For the support vector classifiers (known as SVC, and used by setting estimator="svc" or "svc_l1" or "svc_l2"), the score from the best performing regularization hyperparameter (C) for each train-test split is picked.

For all classifiers other than SVC, the hyperparameter tuning is done using the <estimator_name>CV classes from Scikit-Learn. This essentially means that the hyperparameters are optimized using an internal cross-validation on the training data.

In addition, the parameter grids that are used for hyperparameter tuning by Decoder are also different from the default Scikit-Learn parameter grids for the corresponding <estimator_name>CV objects.

For simplicity, let’s use Scikit-Learn’s LogisticRegressionCV with custom parameter grid (via Cs parameter) as used in Nilearn’s Decoder.

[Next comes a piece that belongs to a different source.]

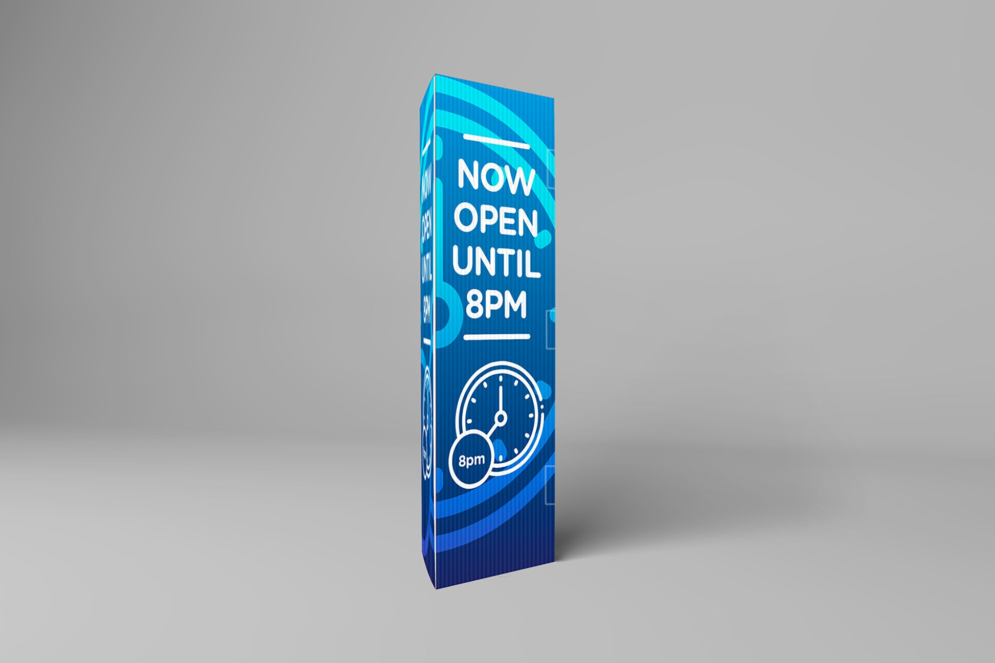 Bollard Covers offer an eye-catching display option perfect for advertising your client’s store promotions. Their striking design makes them ideal for increasing visibility and attracting customers in various locations, plus they’re lightweight and durable, making them suitable for short to medium-term signage.

from sklearn.linear_model import LogisticRegressionCV

classifier = LogisticRegressionCV(
    penalty="l2",
    solver="liblinear",
    Cs=np.geomspace(1e-3, 1e4, 8),
    refit=True,
)

Leave out a test set for final evaluation

Before we train and cross-validate, let’s leave out one run as a final test set to evaluate the performance of the trained decoder on unseen data.

test_run = 6
test_mask = run == test_run

# training data for cross-validation
fmri_img_cv = index_img(fmri_img, ~test_mask)
y_cv = y[~test_mask]
y_binary_cv = y_binary[~test_mask]
run_cv = run[~test_mask]

# Transform fMRI data into a 2D numpy array and standardize it with the masker
X_cv = masker.fit_transform(fmri_img_cv)

# test data
fmri_img_test = index_img(fmri_img, test_mask)
X_test = masker.transform(fmri_img_test)
y_test = y_binary[test_mask]
run_test = run[test_mask]
/home/runner/work/nilearn/nilearn/examples/02_decoding/plot_haxby_understand_decoder.py:254: UserWarning: [NiftiMasker.fit] Generation of a mask has been requested (imgs != None) while a mask was given at masker creation. Given mask will be used.
  X_cv = masker.fit_transform(fmri_img_cv)

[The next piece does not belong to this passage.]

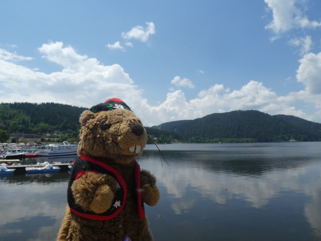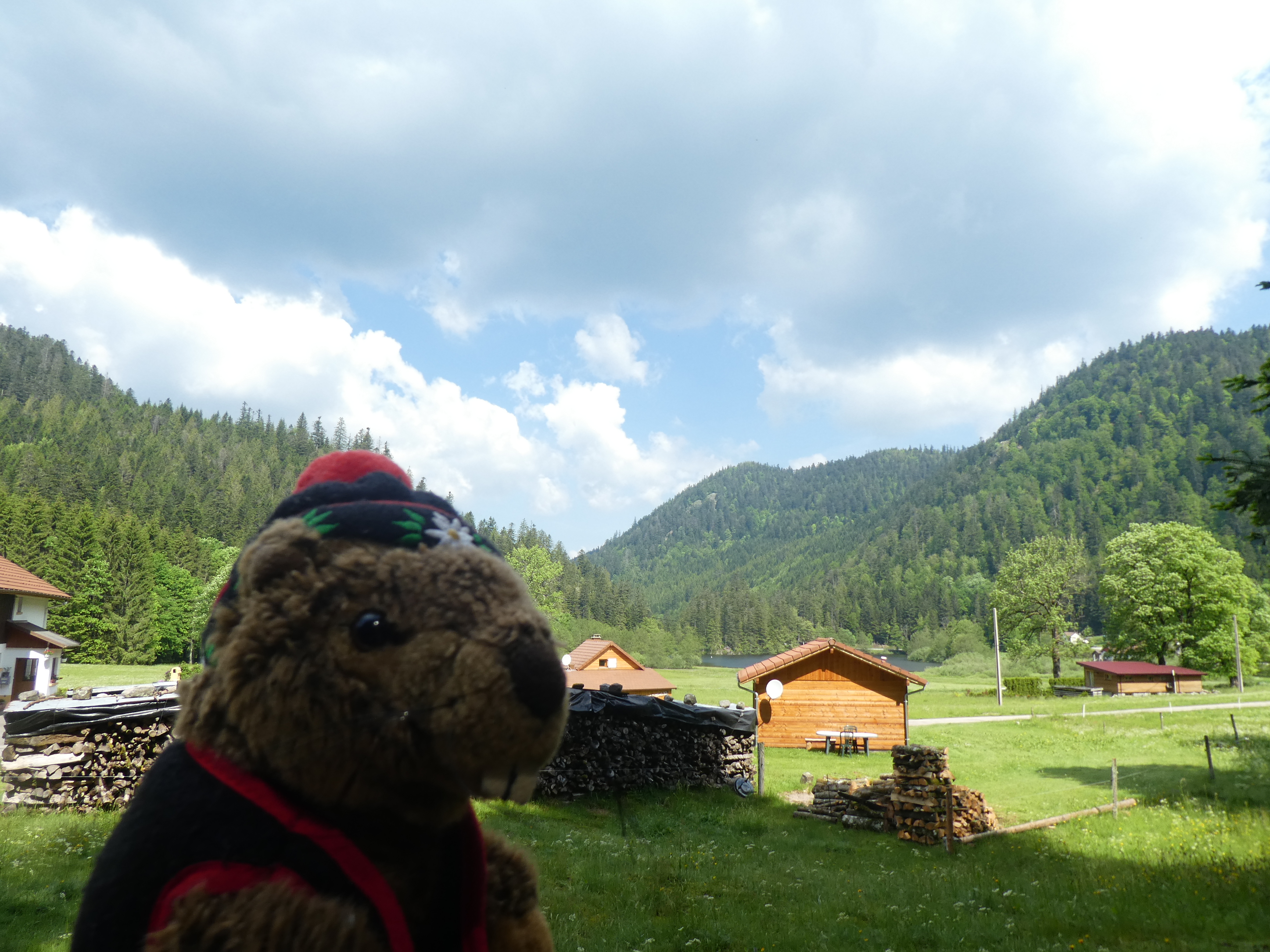 Elle est jolie et gâtée la marmotte dans les Vosges, les photos sont belles.

Train and cross-validate via an Scikit-Learn pipeline

Now let’s put all the pieces together to train and cross-validate. The Decoder uses a leave-one-group-out cross-validation scheme by default in cases where groups are defined. In our example a group is a run, so we will use Scikit-Learn’s LeaveOneGroupOut

from sklearn.metrics import roc_auc_score
from sklearn.model_selection import LeaveOneGroupOut

logo_cv = LeaveOneGroupOut()

print(f"fMRI data shape after masking: {X_cv.shape}")
# So now we have a 2D numpy array where each row corresponds to a trial and
# each column corresponds to a feature (voxel in the Ventral Temporal cortex).

# Loop over each CV split and each class vs. rest binary classification
# problems (number of classification problems = n_labels)
scores_sklearn = []
coefs_sklearn = []
intercepts_sklearn = []
for klass in range(n_labels):
    for train, val in logo_cv.split(X_cv, groups=run_cv):
        # separate train and val events in the data
        X_train, X_val = X_cv[train], X_cv[val]
        # separate labels for train and val events for a given class vs. rest
        # problem
        y_train, y_val = (
            y_binary_cv[train, klass],
            y_binary_cv[val, klass],
        )

        # select the voxels by fitting feature selector on training data
        X_train = feature_selector.fit_transform(X_train, y_train)
        # pick the same voxels in the val data
        X_val = feature_selector.transform(X_val)

        # fit the classifier on the training data
        classifier.fit(X_train, y_train)
        # predict the labels on the val data
        pred = classifier.predict_proba(X_val)

        # calculate the ROC AUC score
        score = roc_auc_score(y_val, pred[:, 1])
        scores_sklearn.append(score)

        coefs_sklearn.append(classifier.coef_)
        intercepts_sklearn.append(classifier.intercept_)
fMRI data shape after masking: (792, 464)

Decode via the Decoder

All these steps can be done in a few lines and made faster via parallel processing using the n_jobs parameter in Decoder.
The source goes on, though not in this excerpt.